DLF cuts debt to Rs 5,513 crore; aims to become debt-free by FY19
Realty major DLF’s net debt has come down substantially to Rs 5,513 crore at the end of October-December quarter on fund infusion by promoters as it targets to become a zero-debt company by the end of next fiscal. DLF, the country’s largest real estate developer, repaid loans of Rs 7,100 crore using fund infused by the promoters.
According to an investor presentation, DLF’s net debt stood at Rs 5,513 crore as on December 31, 2017, and this is primarily from development business of housing projects. The debt from commercial real estate business has now been reflected in DLF Cyber City Developers Ltd (DCCDL), the company’s joint venture firm with Singapore’s sovereign wealth fund GIC. The net debt of DCCDL stood at Rs 16,074 crore at the end of third quarter of this fiscal. The JV holds the bulk of rent-yielding commercial assets of DLF group. DLF’s total debt stood at Rs 26,800 crore at June-end this financial year.

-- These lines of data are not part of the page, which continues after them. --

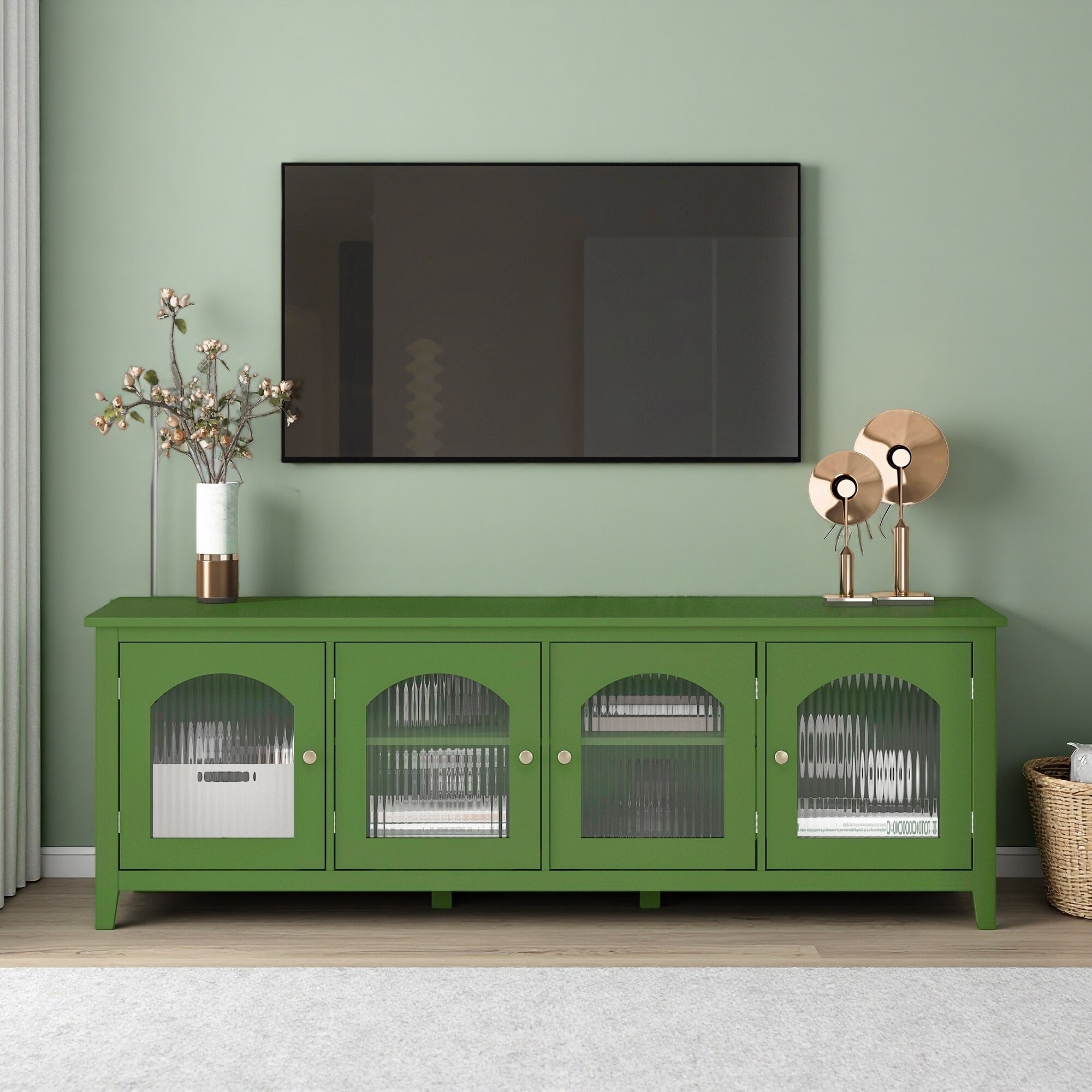 71" TV Stand with Glass Doors, Storage Drawers & Solid Wood Frame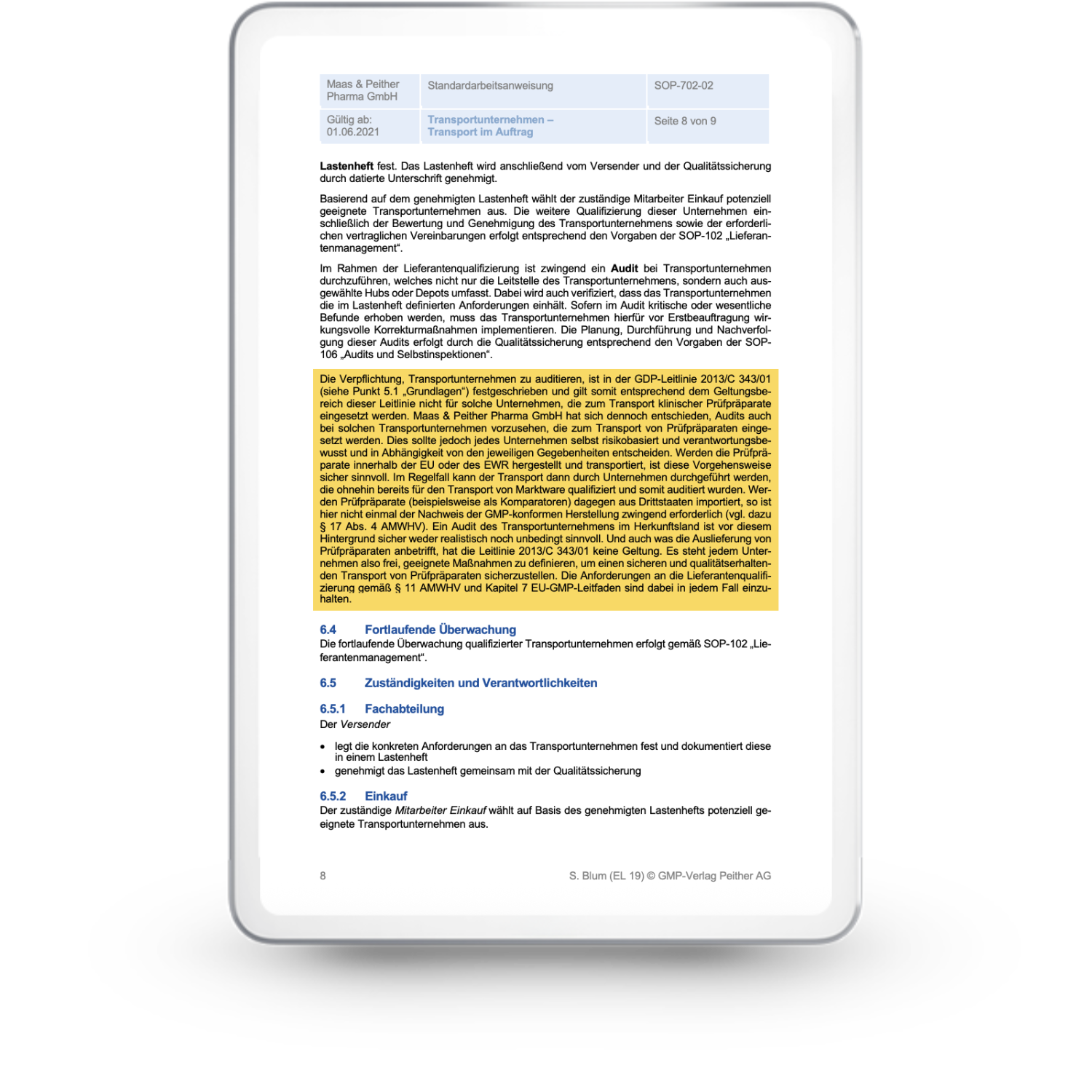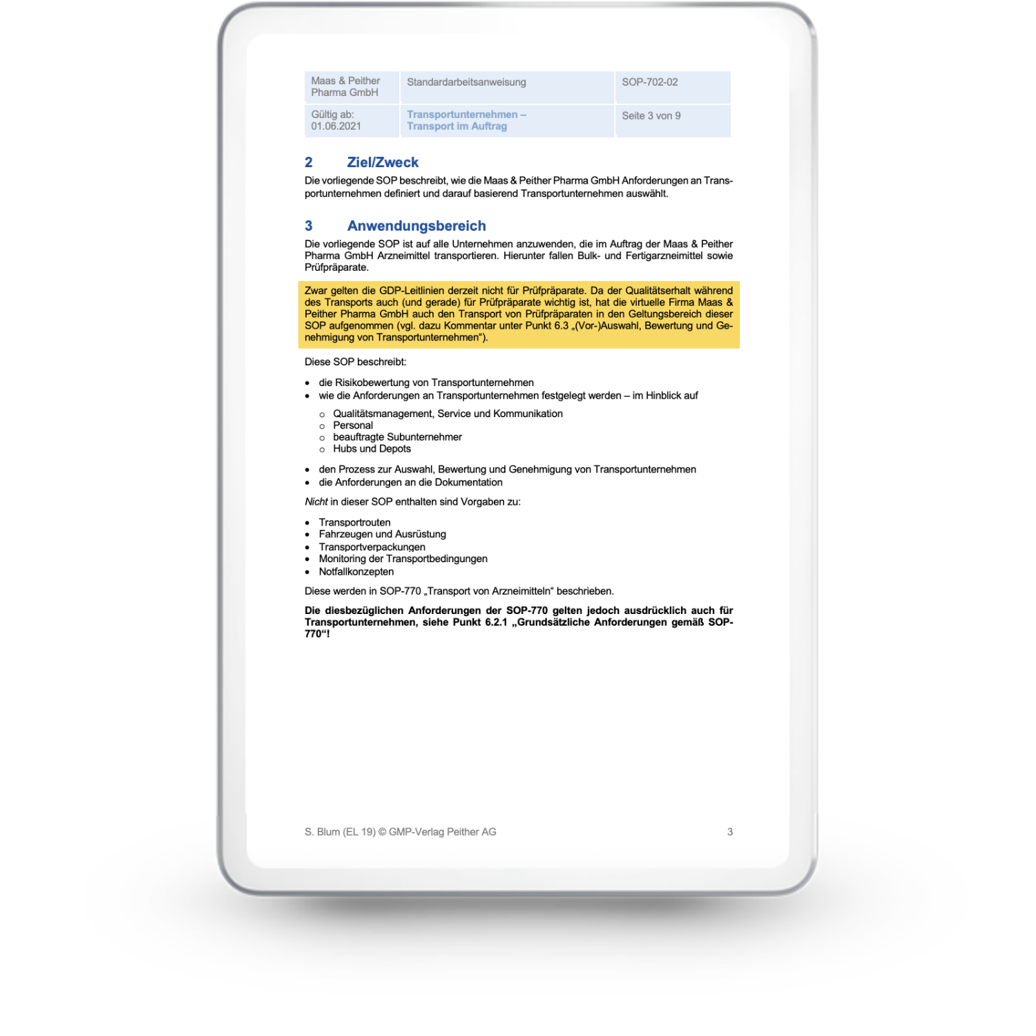 Bestandteil der SOP-Sammlung für die Pharmaindustrie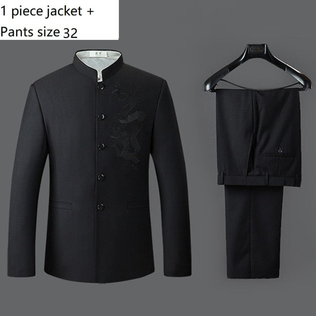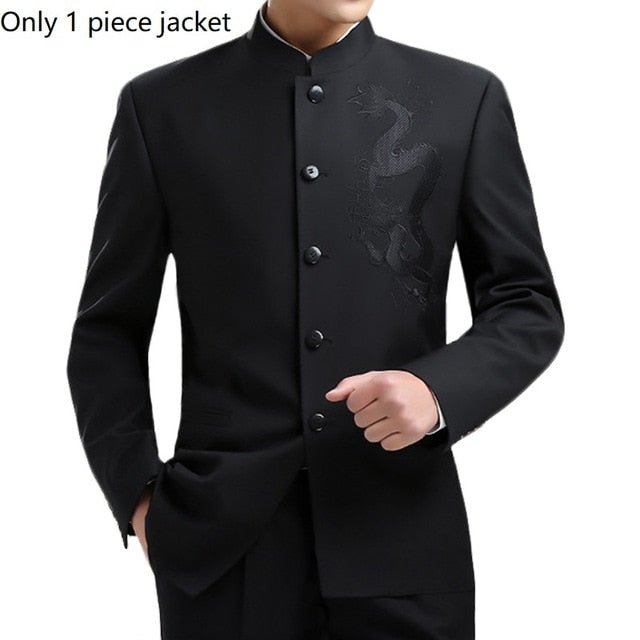 Dragon Embroidery Men Chinese Style Suit Jacket Mandarin Collar New 2019 Tunic Suit Jackets Mens Kung Fu Coat Black

The promoters had in August last year sold entire 40 per cent stake in DCCDL for Rs 11,900 crore. This deal included sale of 33.34 per cent stake in DCCDL to GIC for Rs 8,900 crore and buy-back of remaining shares worth Rs 3,000 crore by DCCDL. This deal got concluded in late December. As a result, DLF’s stake in DDCDL increased to 66.66 per cent stake from 60 per cent, while GIC has the balance 33.34 per cent stake in the joint venture firm. Post this transaction, DLF promoters K P Singh and family have infused Rs 9,000 crore in the company and would pump in Rs 2,250 crore more over the next 18 months. DLF has made preferential allotment of compulsorily convertible debentures (CCDs) and warrants to the promoters against infusion of funds.